Tokenization of property ownership is a rapidly evolving application of blockchain technology that converts real estate assets into digital tokens, enabling fractional ownership, increased liquidity, and broader access to investment opportunities.
Real estate tokenization involves representing ownership rights in a property (e.g., equity, rental income, or profit-sharing) as digital tokens on a blockchain. These tokens can be bought, sold, or traded like other crypto assets, such as Bitcoin or Ethereum, but are backed by real-world assets (RWAs). Each token typically represents a fractional share of the property, lowering the barrier to entry for investors. Smart contracts automate transactions, ensuring transparency and security
XRP is often cited for its fast, low-cost transactions, institutional partnerships, and potential for a spot ETF. It’s seen as a strong choice for long-term investors due to its real-world utility and regulatory clarity. Bitcoin (BTC) Remains the most liquid and popular cryptocurrency, valued for its store-of-value status and institutional interest. It’s a staple in diversified portfolios.
Ethereum (ETH) dominates DeFi and NFTs with its smart contract capabilities, bolstered by Ethereum 2.0’s lower fees and improved speed. Solana (SOL) is known for fast transactions and low fees, it’s a strong contender for DeFi and NFT platforms, often called an “Ethereum killer.” Hyperliquid (HYPE) is a newer layer-1 blockchain with advanced transaction capabilities, showing strong year-to-date performance.
Tokenized real estate is considered a category of crypto assets because the tokens are built on blockchain platforms (e.g., Ethereum, Solana) and function similarly to other digital assets. They’re traded on specialized platforms or decentralized exchanges, offering liquidity and global access, unlike traditional real estate. This makes them one of the “best” crypto assets for investors seeking diversification beyond volatile cryptocurrencies like Bitcoin or meme coins, as they’re tied to tangible assets with potential for stable returns (e.g., 11% average rental yield on some platforms).
Benefits of Real Estate Tokenization includes Fractional Ownership i.e. Investors can buy small portions of high-value properties (as low as $50), democratizing access to real estate markets. Tokens are liquid and can be traded 24/7 on digital marketplaces, unlike traditional real estate, which is illiquid and slow to sell. Blockchain ensures immutable records and reduces reliance on intermediaries like notaries or land registrars. Investors worldwide can participate, bypassing geographic or financial barriers. Smart contracts automate processes like dividend distribution or ownership transfers, cutting costs and time.
Dubai’s Multibillion-Dollar Project: In March 2025, the Dubai Land Department (DLD) launched a major tokenization initiative to enable fractional ownership of real estate, improving land record trust and municipal revenue collection.
New Jersey’s Blockchain Partnerships: Bergen County, NJ, partnered with blockchain companies to tokenize real estate, aiming to streamline transactions and modernize land records.
Deloitte predicts the global tokenized real estate market could grow from $300 billion to $4 trillion in 10 years.

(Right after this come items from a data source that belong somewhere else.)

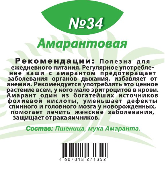 Каша "Амарантовая"полезна для ежедневного питания. Регулярное употребление каши с амарантом предотвращает заболевания органов дыхания, избавляет от анемии. Рекомендуется употреблять это ценное растение всем, у кого мало эритроцитов в крови. Амарант один из богатейших источников фолиевой кислоты, уменьшает дефекты спинного и головного мозга у новорожденных, помогает лечить женские заболевания, защищает от рака яичников.
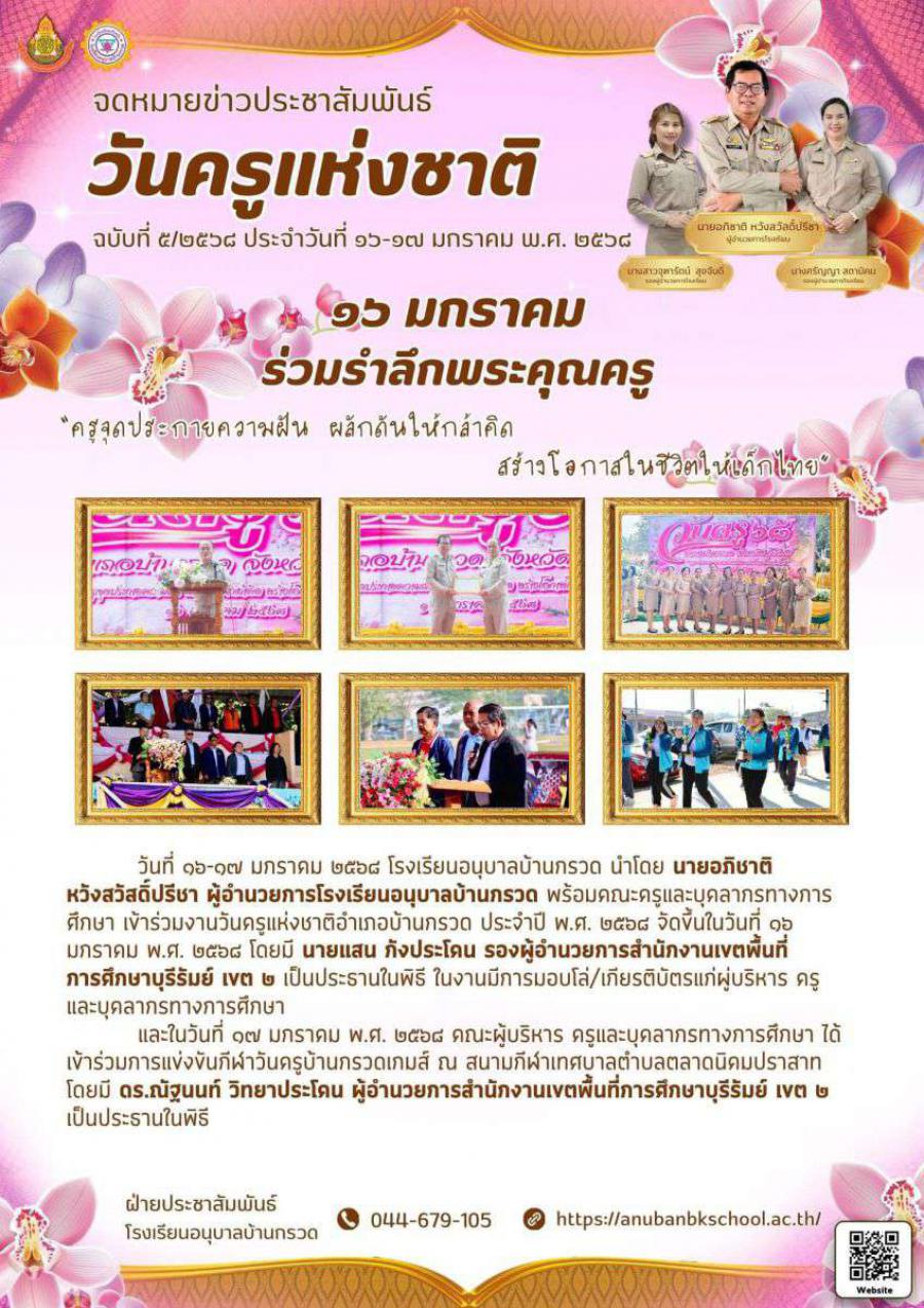 วันที่ 16-17 มกราคม 2568 คณะผู้บริหาร ครูและบุคลากรทางการศึกษาโรงเรียนอนุบาลบ้านกรวด เข้าร่วมงานวันครูแห่งชาติอำเภอบ้านกรวด ประจำปี พ.ศ. 2568 จัดขึ้นในวันที่ 16 มกราคม พ.ศ. 2568 โดยมี นายแสน กังประโคน รองผู้อำนวยการสำนักงานเขตพืื้นที่การศึกษาบุรีรัมย์ เขต 2 เป็นประธานในพิธี ในงานมีการมอบโล่/เกียรติบัตรแก่ผู่บริหาร ครูและบุคลากรทางการศึกษา
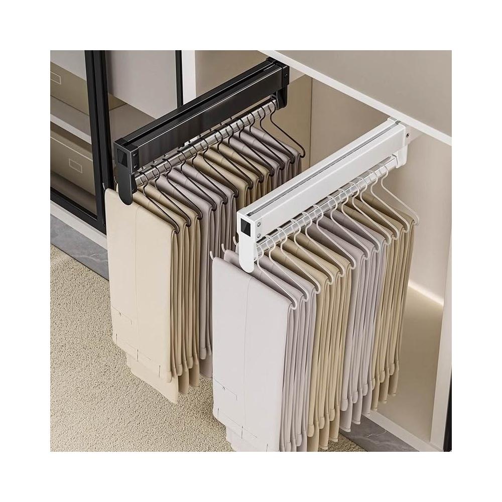 收納架 衣架 褲架伸縮滑軌頂裝褲抽拉式衣架掛衣杆衣櫃內置掛褲子褲掛軌道五金

Other estimates suggest $19.4 billion by 2033. Beyond existing buildings, tokenization is expanding to infrastructure, under-construction residential properties, and data centers, reflecting renewed interest in large-scale developments. Emerging concepts like progressive ownership allow tenants to gradually buy property shares (e.g., daily or monthly), making homeownership more accessible, especially in high-cost markets.
In future, Tokenized Real Estate Could Be Among the “Best” Crypto Assets. Unlike volatile cryptocurrencies, tokenized real estate is backed by physical assets, offering potential stability and rental income. Low entry points (e.g., $50 on platforms like Lofty) make it appealing for retail investors. The market’s projected growth and institutional adoption (e.g., high-net-worth individuals, funds) signal strong future value. Tokenization aligns with DeFi trends, leveraging smart contracts and blockchain for efficiency, positioning it as a forward-thinking investment.
Lofty is one such platform, offering tokenized properties with $50 minimum investments, daily rental payouts, and secondary marketplaces. Ethereum and Solana: Commonly used blockchains for real estate tokens due to their smart contract capabilities. Blocksquare and similar platforms enable gradual ownership models, ideal for first-time buyers.